Because the Lenovo 3000 line is aimed at small-business users who aren't likely to have an IT department or loaner systems at their disposal, the company preloads the N200 with a helpful suite of utilities called Lenovo Care. Based on the company's robust ThinkVantage suite for ThinkPads, Lenovo Care helps users quickly access support information, set up network access, schedule backups and system maintenance, and configure data security.
|Lenovo 3000 N200||Average for thin-and-light category|
|Video||VGA-out, S-video||VGA-out, S-video|
|Audio||Stereo speakers, headphone/microphone jacks||Stereo speakers, headphone/microphone jacks|
|Data||4 USB 2.0, mini-FireWire, multiformat memory card reader||3 USB 2.0, mini-FireWire, multiformat memory card reader|
|Expansion||ExpressCard/54||PC Card or ExpressCard|
|Networking||modem, Ethernet, 802.11 a/g/n Wi-Fi, Bluetooth||modem, Ethernet, 802.11 a/b/g Wi-Fi, optional Bluetooth, optional WWAN|
|Optical drive||DVD burner||DVD burner|
As indicated in the chart above, the Lenovo 3000 N200 includes a good selection of ports and connections.

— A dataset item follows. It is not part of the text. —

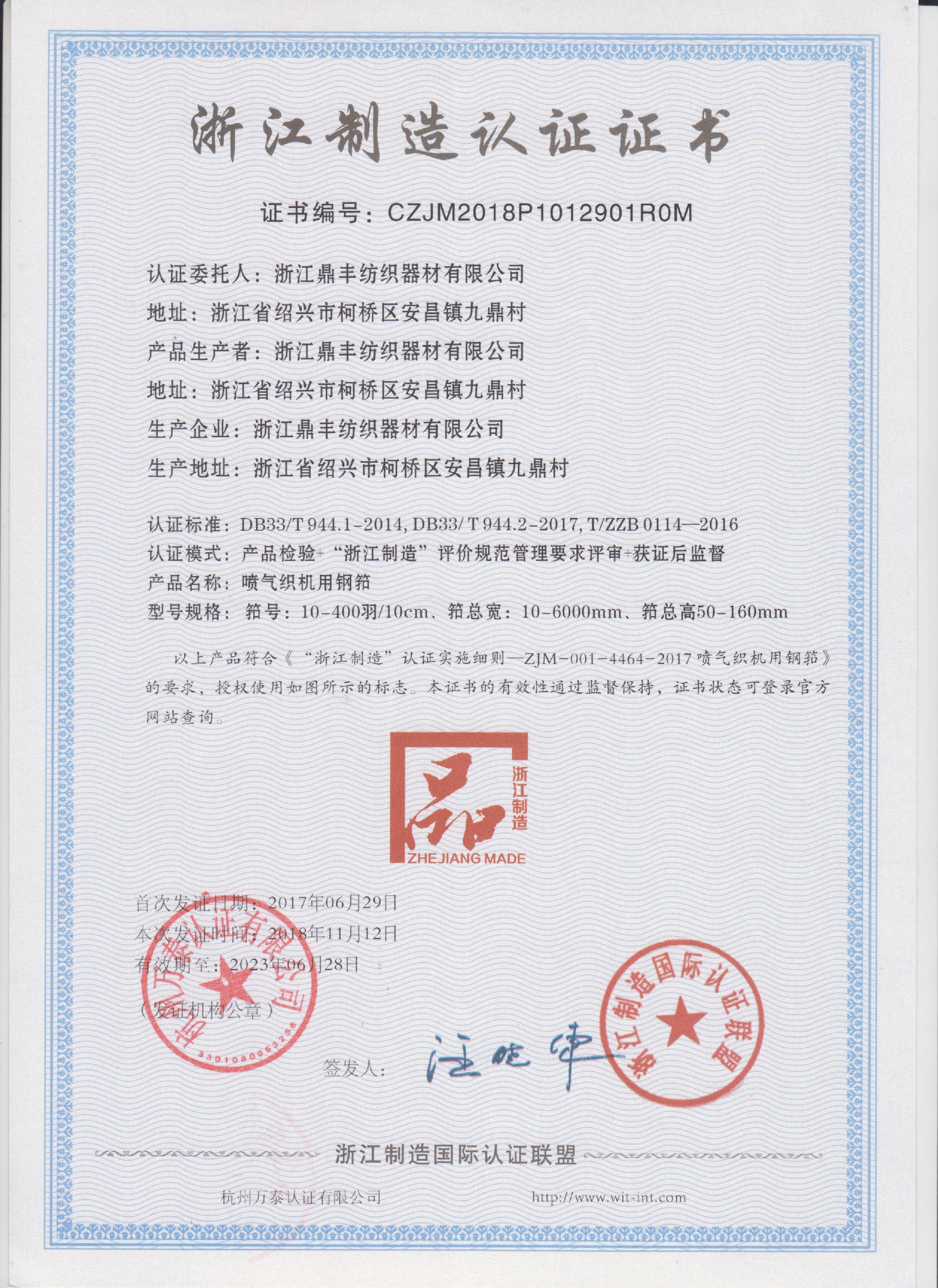 浙江鼎丰纺织器材有限公司始建于1986年,是一家专业生产各类无梭织机用钢筘:喷气筘、喷水筘、剑杆筘、其他类型钢筘;铝合金综框、钢片综、停经片、经轴、织轴、卷布辊等产品及配件的民营企业。

As might be expected from a primarily business-oriented laptop, the N200's speakers emit tinny, soft sound. We were happy to see that the N200's low price includes a Bluetooth radio--a rarity among sub-$1,000 laptops.
Our Lenovo 3000 N200 test unit--stocked with 2GB of RAM, integrated Intel GMA X3100 graphics, and a 1.8GHz Core 2 Duo T7100 processor--cost $984 on Lenovo's site. That CPU is the entry level for the current generation of Core 2 Duo processors, but it was enough to keep the N200 at the top of our group of systems in its price range on CNET Labs' benchmarks. Though the nearly identically configured Sony VAIO CR120 ($1,000) kept pace for some of the tests, its single gigabyte of RAM was no match for the Lenovo on our Photoshop module. In our small sampling of inexpensive laptops--which includes the Sony as well as a Fujitsu LifeBook A6110 ($999), Toshiba Satellite A215-S7437 ($899), and Gateway M-1618 ($899)--the Lenovo 3000 N200 is the performance king.

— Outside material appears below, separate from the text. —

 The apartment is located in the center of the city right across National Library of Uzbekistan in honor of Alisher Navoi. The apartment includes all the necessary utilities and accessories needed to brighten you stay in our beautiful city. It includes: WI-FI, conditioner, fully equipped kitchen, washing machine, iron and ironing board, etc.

The Lenovo 3000 N200's six-cell standard battery lasted just over 2 hours on our DVD battery drain test--about the same as the VAIO CR120. That isn't too impressive for a 14.1-inch laptop, but it is longer than the battery life posted by other similarly priced systems. Our DVD battery drain test is especially grueling, so you can expect even longer life from casual Web surfing and office use.
The Lenovo 3000 N200 comes backed by a yearlong warranty, which is standard for budget-minded laptops. Reasonably priced warranty extension options include an upgrade to three years for $150 or three years of on-site repairs for $219. Toll-free, 24-7 phone support lasts for the length of your warranty. In addition to the Lenovo Care suite mentioned above, the company's support Web site includes the expected troubleshooting topics, driver downloads, and user guides. The site lacks interactive features such as customer forums or the chance to chat in real time with a technician.